- Alternative names: Carhoo House

General information
- Status: Private house (no public access)
- Type: Country house
- Location: Carhoo Lower, County Cork, Ireland
- Coordinates: 51°54′13.52″N 8°48′46.10″W﻿ / ﻿51.9037556°N 8.8128056°W
- Completed: c. 1750

= Carhue House =

Carhue House (also known as Carhoo House) is a country house in the townland of Carhoo Lower, situated 2.2 km west of Coachford village. It is one of several such houses in mid-Cork, many of which are situated along the valley of the River Lee and its tributaries.

==Description==
The house's entry in the National Inventory of Architectural Heritage describes it as a detached five-bay, three-storey house, built c. 1750, having a pedimented central bay to the front, a two-storey extension to the rear, and a recent front porch addition. The gabled chimney-stacks, lack of depth in plan and pedimented breakfront are said to indicate an early construction date, with the window proportions, door opening and breakfront being typical of its time. Parkland once existing to the south of Carhue House has been lost to river erosion following the River Lee hydroelectric scheme of the late 1950s.

==History==
It was once the residence of the Coppinger family. The accompanying terrier to the Down Survey map (1656-8) lists Thomas and Edmund Coppinger as proprietors by way of mortgage of 'Carrooe'. Lewis's Topographical Dictionary of Ireland (1837) describes Carhue as being the seat of J. Rye Coppinger, Esq. The tithe applotment book for the parish of Magourney records 'John Rye Coppinger, Esq.' of 'Lower Carhue' as occupying c. 275 acres of titheable land.

The mid-nineteenth century Primary Valuation of Ireland (Griffith's Valuation) records Henry T. Coppinger, Esq. as occupying in fee simple c. 154 acres in Carhoo Lower townland, consisting of a 'house, offices (dilapidated), land' and some 6 acres of water. Henry T. Coppinger also appears to lease c. 126 acres within the townland, during this time, to James Wiseman, consisting of 'offices, land' and some 2 acres of water.

Indications of financial distress surfaced at Carhue following the Great Famine (Ireland). By February 1850, the farm interest of George Foott had been surrendered and the stock, crops, implements and furniture put up for auction without reserve. Foott had previously secured a loan for £100 in 1848 under the Land Improvement Act. The house, offices and demesne of Carhue were offered for lease in March 1850, comprising 290 acres of pasture and tillage, with 50 acres suitable for oats or barley, having been cropped with turnips and carrots that season, and the lands described as highly cultivated and employed for dairy farming for years. That part held by Foott, comprising 140 acres, was available for lease separately. On 9 April 1850 a large quantity of oak, ash, elm, beech and sycamore was put up for auction without reserve at Carhue. By 29 June 1852 an unreserved auction was scheduled for the sale of Carhue demesne including fourteen acres of wheat, nine acres of barley, ten acres of oats, sixty acres of meadow, ten acres of potatoes, some turnips and carrots, a quantity of hay and straw, livestock, farm implements, and household furniture.

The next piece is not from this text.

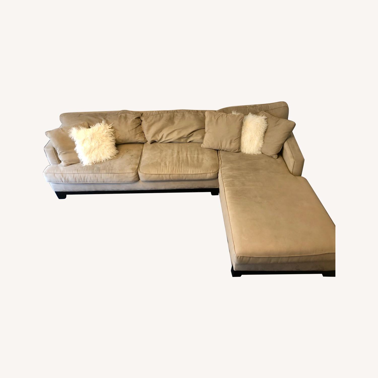 Seller's Notes:Hello! We are offering an extra comfy Large Family Sectional Couch. It has brought us great joy but sadly won't fit in our new home and so we are offering it at $500.00 or your best offer! It's approx: 113’ in L x 37 in W x 80 in W (Chaise Portion). ***PLEASE NOTE this couch is used but gratefully is made of micro fiber and would simply need a steam cleaning to get the small markings off on this extremely comfortable couch. Unfortunately a pre cleaning will not be possible given the climate and this quick turnaround of a move. PICK UP NEEDS TO BE JULY 16th - 20th.

On 14 February 1856 an encumbered estates notice issued for sale by auction on 17 April 1856 of part of the lands of Carhue, including the sub-denominations known as Coultimorreghue & Keelteanagh, and containing c. 284 acres and a house and offices held in fee simple. The house and demesne were in the owner's occupation and the remaining lands occupied by one tenant, with both leases to expire following the sale. The lands were said to produce an annual profit of £221 16s. 7d., with the demesne containing mature timber, excellent lands suitable for pasture and tillage, and an abundant supply of water. The house had also recently been repaired. On 16 May 1856, a Memorandum of Agreement was noted between Thomas Stephen Coppinger and John Galwey of Fort Richard, Co Cork, affecting the lands of Oughteherrybeg, Carhue, Coultimorroghue and Keelteenagh, which were subsequently granted by the Commissioners to Thomas Stephen Coppinger by Deed of Conveyance dated 5 July 1856, in consideration of £5,525 being paid into the Bank of Ireland to the credit of the Estate of Henry [Thorne] Coppinger. In consideration of £3,000, John Galwey then released a charge over the lands by Deed of Release dated 26 July 1856. Thomas Stephen Coppinger then disposed of his interest in Carhue and other lands to George Charles Edward Colthurst of Dripsey Castle by Deed of Conveyance dated 14 August 1856, in consideration of payment of £6,750. On the same day, Colthurst by Deed of Mortgage and in consideration of £2,300 disposed of lands (including Carhue) to Peggy Colthurst of Dripsey Castle.

During the mid 1870s, John Good was residing at the property. Slater's 1894 Royal National Directory of Ireland refers to it as the seat of John H. Colthurst. Burke's Genealogical and Heraldic Dictionary of 1904 records George Colthurst (born 1811) of Carhue House.

Today, it remains a private residence, and is not accessible to the public.